Saturday 4 September 2010

The Democracy Of The Damned

The matter of voting has been part of the week’s business. This morning I was dazed by the idea that I might have a vote in the Labour leadership election. When at work it was necessary to join things and one small group has been swept up into the GMB where I now march arm in arm with the Boilermakers and Sex Workers Collective.

I suspect they will be even less happy than I am.

The union asks me to vote. But which of The Flatulent Five should I vote for? The Famous Five of Enid Blyton number four humans and one dog. I never read her books, Dashiell Hammett and Raymond Chandler being preferred.

However, the GMB suggest Ed Miliband as the man of the moment, the one who I make out to be the dog in question. Something of a Schnauzer, little and uncontrollable, yelps all the time, has a nasty bite, but is vulnerable to a flying kick.

There is something more important, however, and that is the local Electoral Register. It was so simple, pick up the document that came through the door, go online and click for the postal vote, all done nice and easy. But far too easy.

If you have a single member constituency based system whatever the voting procedure then there will be marginal constituencies won and lost by only a few votes. I will skip the long analysis of this. But at the beginning of the 1950’s around twenty tight votes could turn the election.

By the end of the 1950’s it had gone out to about 40, then in the 1960’s returned to being a small number. It was then that the critical nature of a small minority of seats was fully realised and we have had the struggle to control those often at the expense, in the literal term, of everybody else.

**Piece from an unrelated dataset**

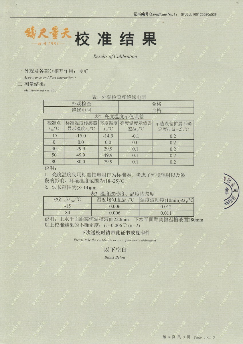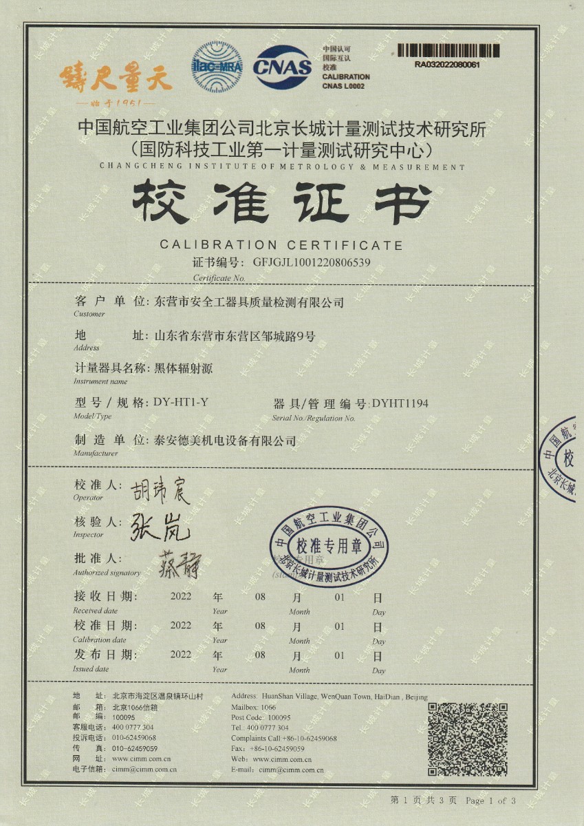 | 上一條:東營市安全工器具質(zhì)量檢測有限公司-黑體輻射源DY-HT2 | 下一條:便攜式干體爐(-30-150℃)校準(zhǔn)證書 |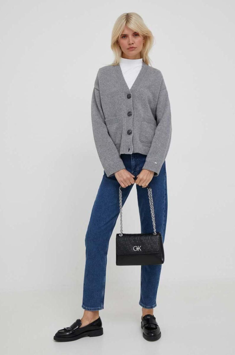 Кардиган з домішкою вовни Tommy Hilfiger колір сірий теплий

There are other ways of jiggling the system of course. One long established has been to make decisions on housing allocations and planning. Another has been to vary the size and nature of constituencies. Quite why the Isle of Wight electorate should be five times larger than that of the Western Isles is a real question.

However, in the past, because of tight local control and knowledge by and large the actual business of voting was relatively reliable and honest. Now it is becoming dangerously open to manipulation and fraud. With the constituency system, you do not need to operate in all of them, only the ones where the swing is critical.

There has been disquiet and complaints recently about events, falsification, impersonation, and above all manipulating the postal votes in some areas. If this becomes more extensive as the temptations increase it could mean that the electoral system we have is no longer an asset but a liability.

When the Government looks at issues of voting this is only a subsidiary issue. The main issue is the integrity of the system as a whole and indeed whether the constituency based form can now be trusted to deliver anything remotely like a democratic and representative result.

Ask yourself which groups have the money, the clout, the organisation and the intent to warp the system in their own interests? I can suggest the drug dealers. You might consider the more unscrupulous corporate interests, foreign agencies or other power groups that now infest our political system. They do not need to attack the whole, only a small and vulnerable minority of seats.

Consider, that in an electorate of 40,000,000 only 500,000 may be the ones that matter at the margins. Cheap at the price.